Para terdakwa yang disidangkan masing-masing Rimawaty Mansyur selaku Direktur Utama PT. Almira Agro Nusantara dan pemenang tender proyek pengadaan bibit nanas dan Rio Erlangga dari pihak swasta asal Kota Bogor.
Kemudian Hasan Sulaiman yang merupakan tim pendamping Pj Gubernur Sulsel tahun 2023-2024, Ririn Riyan Saputra Ajnur seorang ASN di Pemkab Takalar dan bertugas sebagai pelaksana kegiatan proyek, dan Uvan Nurwahidah sebagai Kuasa Pengguna Anggaran dan Pejabat Pembuat Komitmen (KPA dan PPK).
Mereka menjalani sidang di ruang sidang Prof. Dr Bagir Manan, PN Makassar, Jalan R.A Kartini, Kecamatan Ujung Pandang, Kota Makassar. Awalnya sidang pembacaan dakwaan ini dijadwalkan digelar pukul 10.00 WITA, namun hingga pukul 13.44 WITA sidang tak kunjung dilaksanakan, salah satu kendalanya karena mati lampu di gedung PN Makassar.
Sidang baru dibuka pukul 02.00 WITA dengan mendudukkan kelima terdakwa. Pantauan Rakyat Sulsel di PN Makassar, seluruh terdakwa mengenakan baju putih, mereka hadir di PN Makassar didampingi oleh keluarga dan kuasa hukum masing-masing.
Dalam ruang sidang, di kursi Jaksa Penuntut Umum (JPU) diisi oleh enam orang JPU dari Kejaksaan Tinggi Sulawesi Selatan (Sulsel). Sementara di kursi kuasa hukum terdakwa ada sembilan orang pengacara yang diketahui pengacara masing-masing terdakwa.

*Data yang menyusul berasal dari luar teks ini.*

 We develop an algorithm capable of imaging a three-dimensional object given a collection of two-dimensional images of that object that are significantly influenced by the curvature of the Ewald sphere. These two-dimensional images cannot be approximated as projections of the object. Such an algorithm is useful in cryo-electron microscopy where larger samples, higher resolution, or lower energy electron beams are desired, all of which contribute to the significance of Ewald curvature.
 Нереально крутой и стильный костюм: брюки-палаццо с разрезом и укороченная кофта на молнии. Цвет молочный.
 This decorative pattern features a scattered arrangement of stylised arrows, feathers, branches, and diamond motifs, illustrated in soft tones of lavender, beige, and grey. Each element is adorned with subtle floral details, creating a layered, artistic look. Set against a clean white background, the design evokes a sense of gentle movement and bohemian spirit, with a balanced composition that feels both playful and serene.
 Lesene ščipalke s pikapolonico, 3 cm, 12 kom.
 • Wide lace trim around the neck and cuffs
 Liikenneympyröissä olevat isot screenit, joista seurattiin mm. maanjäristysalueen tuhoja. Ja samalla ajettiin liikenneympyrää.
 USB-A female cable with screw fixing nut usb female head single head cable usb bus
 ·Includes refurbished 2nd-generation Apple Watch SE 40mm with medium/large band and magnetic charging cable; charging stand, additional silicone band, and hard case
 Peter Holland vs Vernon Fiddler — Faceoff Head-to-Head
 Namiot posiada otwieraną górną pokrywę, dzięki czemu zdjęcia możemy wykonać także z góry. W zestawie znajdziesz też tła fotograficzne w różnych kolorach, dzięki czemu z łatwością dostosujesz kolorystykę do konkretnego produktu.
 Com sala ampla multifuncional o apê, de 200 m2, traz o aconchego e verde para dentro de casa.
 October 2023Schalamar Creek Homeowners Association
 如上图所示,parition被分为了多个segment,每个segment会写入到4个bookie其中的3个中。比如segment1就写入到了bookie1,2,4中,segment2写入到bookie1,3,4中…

Sebelum masuk pembacaan dakwaan oleh JPU, Majelis Hakim yang memimpin sidang terlebih dahulu meminta berkas dan surat kuasa masing-masing kuasa hukum terdakwa. Setelah itu Majelis Hakim membacakan satu persatu identitas terdakwa.
“Mau dibacakan bersamaan?,” tanya Majis Hakim yang selanjutnya disepakati oleh seluruh kuasa hukum terdakwa.
Untuk diketahui, dalam perkara ini Kejati Sulsel menduga terjadi praktik penggelembungan harga (mark-up) dan indikasi pengadaan fiktif pada proyek senilai sekitar Rp60 miliar tersebut. Akibat dugaan penyimpangan itu, kerugian keuangan negara diperkirakan mencapai sekitar Rp50 miliar.
Sebagai bagian dari upaya pemulihan kerugian negara, penyidik Pidsus Kejati Sulsel telah menyita uang sebesar Rp1,25 miliar dari salah seorang tersangka. Selain itu, tersangka berinisial RM juga telah mengembalikan uang sebesar Rp3,08 miliar.
Dengan demikian, total dana yang berhasil diamankan melalui penyitaan dan pengembalian dalam perkara ini mencapai sekitar Rp4,33 miliar.(*)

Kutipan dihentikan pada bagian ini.